◆ Input data ◆
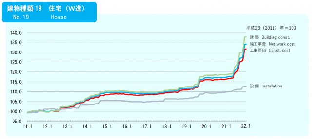 建設物価調査会は2月10日、建設物価建築費指数(2011年に東京で建築された建物の平均を100とする)の2022年1月分をまとめた。
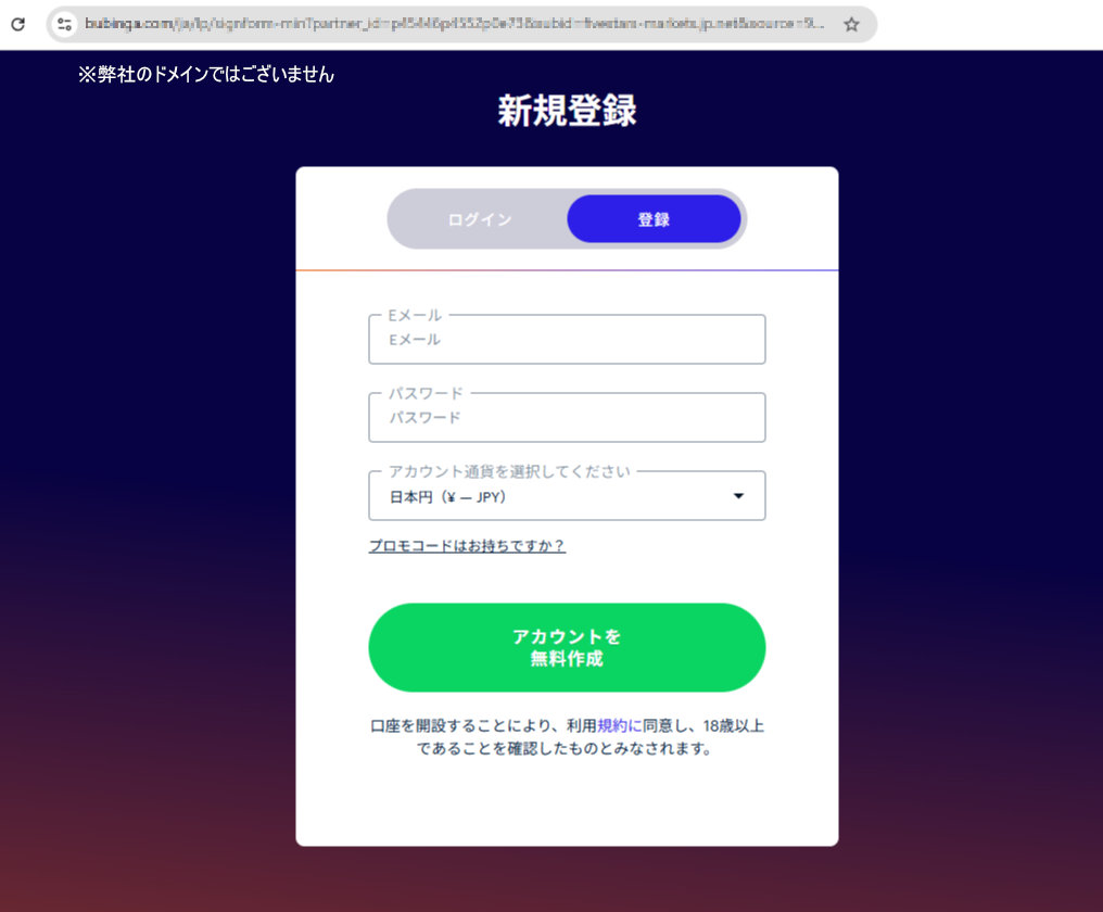 ログインや口座開設を行う際は、必ず公式ドメインであることをご確認のうえ
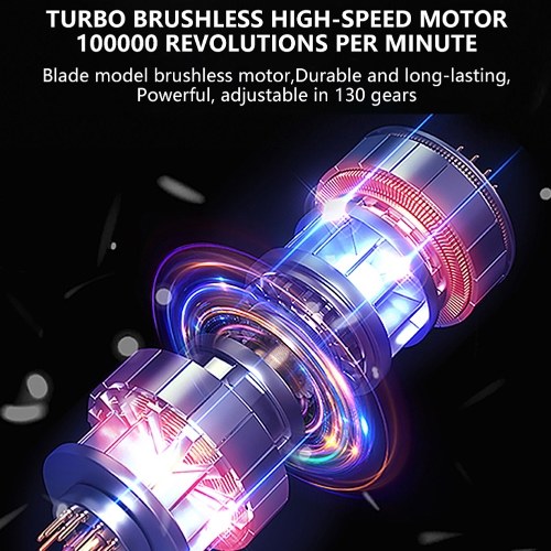 【100,000 RPM Brushless Motor】: Adopting a brushless high-speed motor that reaches up to 100,000 RPM rotation speed, this device offers surging power and durability, providing a perfect dust removal effect. Multiple wind speeds can be adjusted at will to meet the power requirements of different tasks.
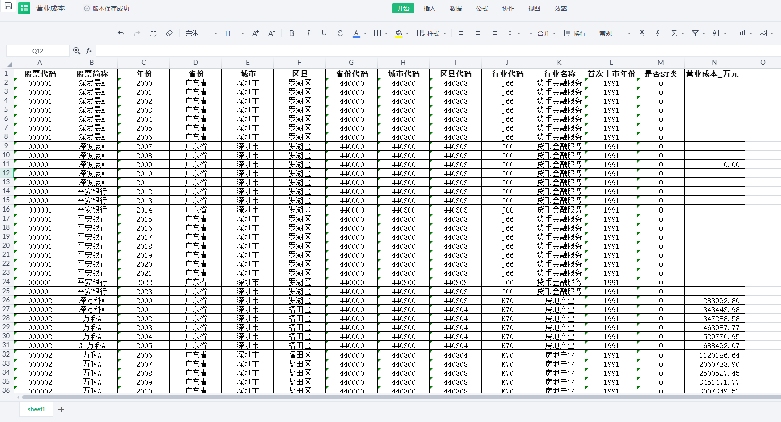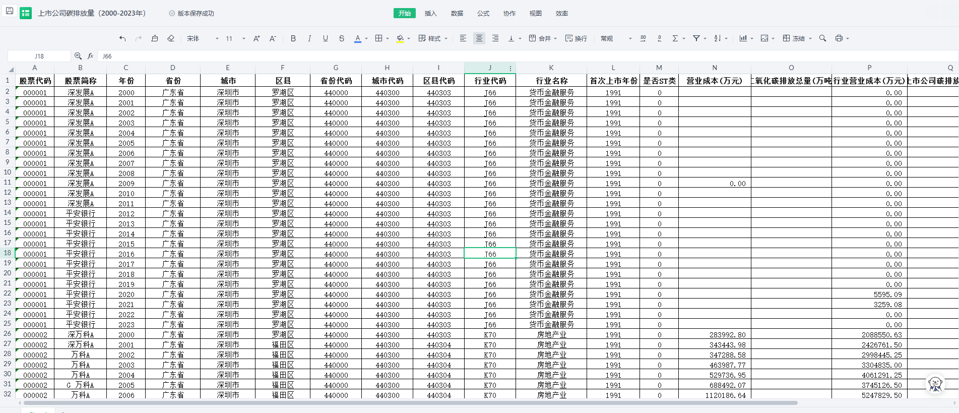 是否ST类 | 营业成本(万元) | 二氧化碳排放总量 |

◆ Directions ◆
Going from the line holding "of different tasks." to the last line of the data above, reproduce every line exactly, both included, with the pictures omitted.

◆ Response to the task ◆
 【100,000 RPM Brushless Motor】: Adopting a brushless high-speed motor that reaches up to 100,000 RPM rotation speed, this device offers surging power and durability, providing a perfect dust removal effect. Multiple wind speeds can be adjusted at will to meet the power requirements of different tasks.
 是否ST类 | 营业成本(万元) | 二氧化碳排放总量 |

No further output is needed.